Creator of Tencent’s blockbuster game ‘Honor of Kings’ splashes out US$12.6m on Kowloon penthouse
Including stamp duty, Yao Xiaoguang’s own piece of The Masterpiece, Hong Kong’s second tallest luxury residential building, will set him back a total US$16.4m
The games developer credited with creating Tencent’s megahit “Honor of Kings”, has bought a penthouse for HK$98 million (US$12.57 million) in Hong Kong’s second tallest luxury residential building in Tsim Sha Tsui, The Masterpiece
Yao Xiaoguang has bought a 2,064 square feet unit in the New World Development luxury complex, according to government data released by the Land Registry. The price tag represents HK$47,481 per square foot.
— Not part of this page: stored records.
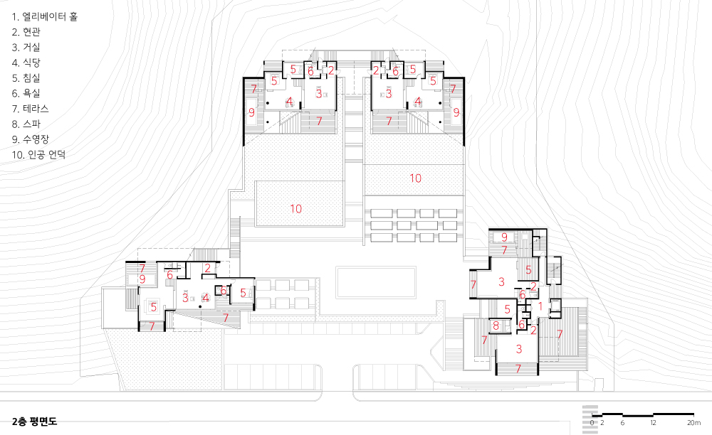 An artificial hill was created above the front performance area of Buildings A, B, and C, to prevent visual disruption between the road and the resort and to maximize views of Naejangsan. Each unit was designed with a skip-floor sectional layout to accommodate the sloped terrain. The resulting height differences were creatively used to design private pools and elevated platforms (maru) for relaxation.
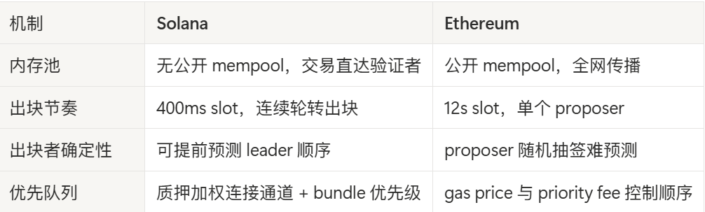 Solana 本身就是为高速而设计的链,没有传统意义上的公开 mempool,交易通过对等节点直接广播给下一轮的出块者 leader。其结构性特点如下:
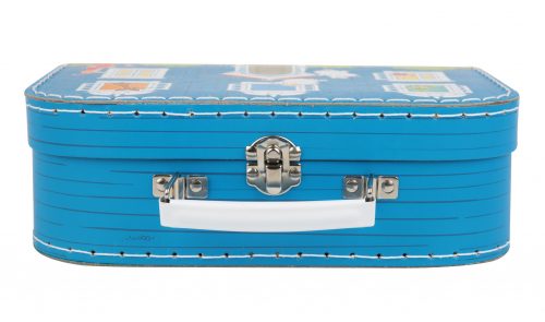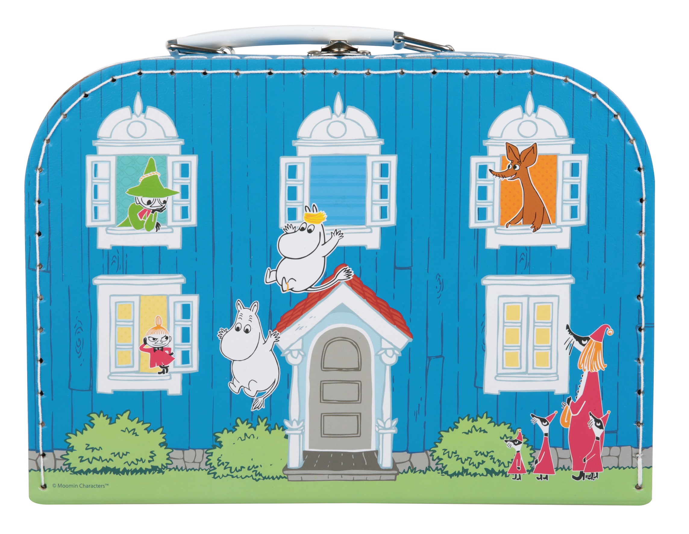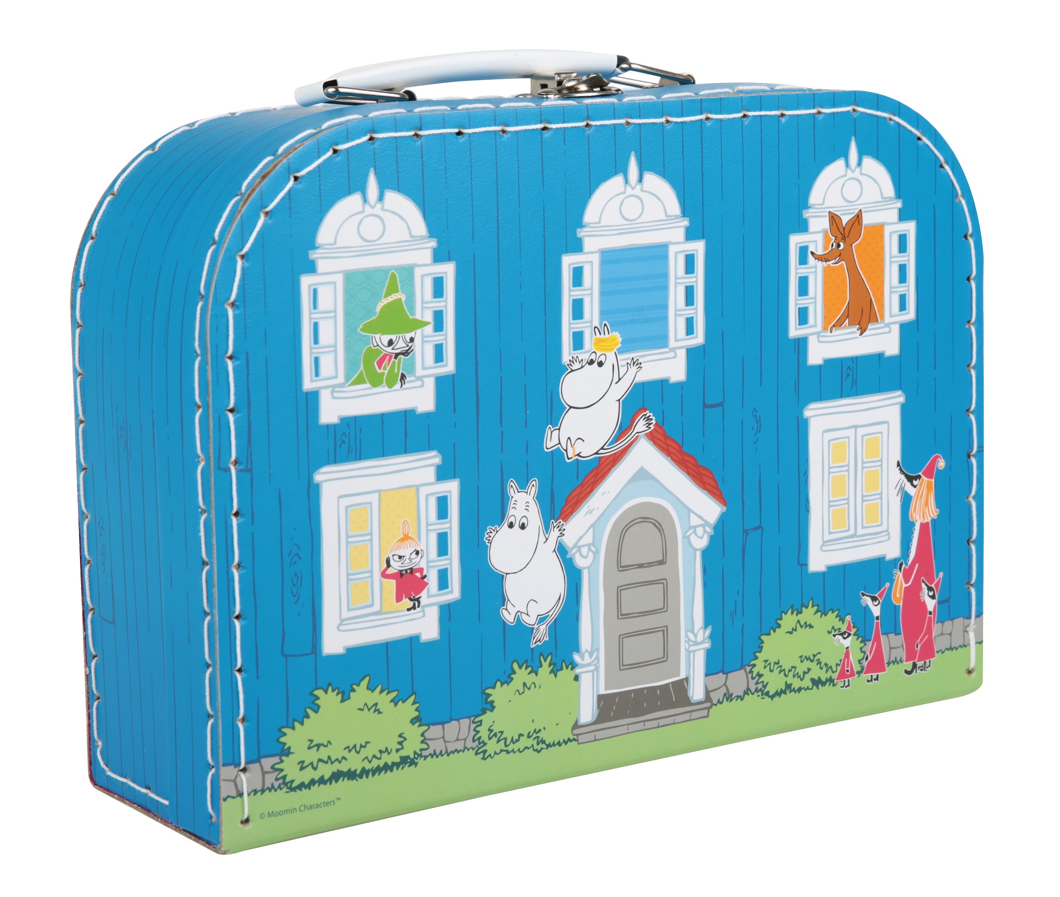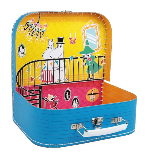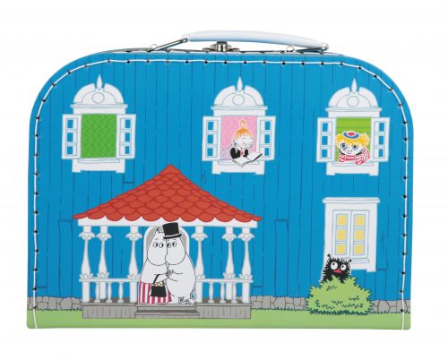 Blå pappväska med fartfyllt Muminmotiv av Muminhuset och Muminvännerna. När man öppnar väskan kikar man in i huset! Väskan har handtag och lås i metall. 0+
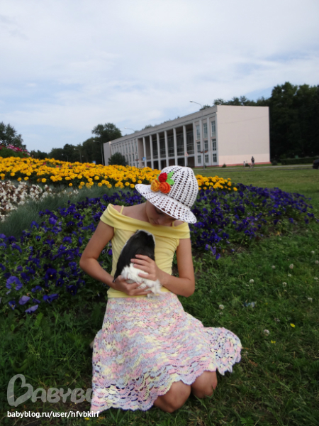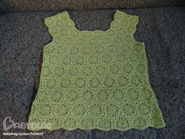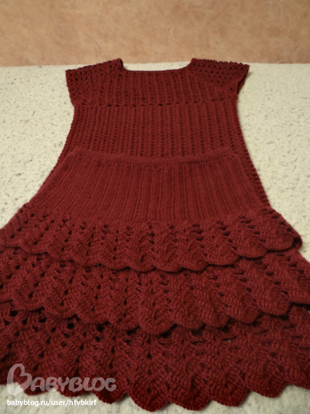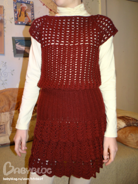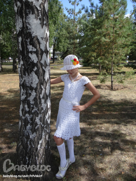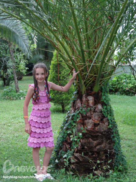 Это платье со знаменитыми тюльпанами (вяжется сверху вниз единым полотном) вязала дочке на выпускной начальной школы.

The president of Tencent’s Timi Studio, Yao also looks set to be charged a thumping 30 per cent in stamp duties by the Inland Revenue Department on the purchase, which works out at another HK$29.4 million.
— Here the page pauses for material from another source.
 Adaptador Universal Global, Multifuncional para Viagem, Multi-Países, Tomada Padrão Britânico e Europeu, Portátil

The government raised property transaction stamp duty in November last year to 15 per cent for all residential purchases, except for first time buyers who are permanent residents, to dampen soaring home prices. On top of that, he will also be required to pay another 15 per cent “buyer’s levy”, which came into effect on October 2012.
That applies to non-permanent residents, in a bid to discourage buying interest from mainlanders, who accounted for 40 per cent of the new flat sales in 2012.
Together with the tax, Yao’s purchase will likely cost HK$127.4 million, or US$16.4 million.
Built above the K11 retail complex, the 261-metre-tall building dominates the skyline on Hanoi Road and is the city’s second-tallest residential block after Sun Hung Kai Properties’ Cullinan at Kowloon Station.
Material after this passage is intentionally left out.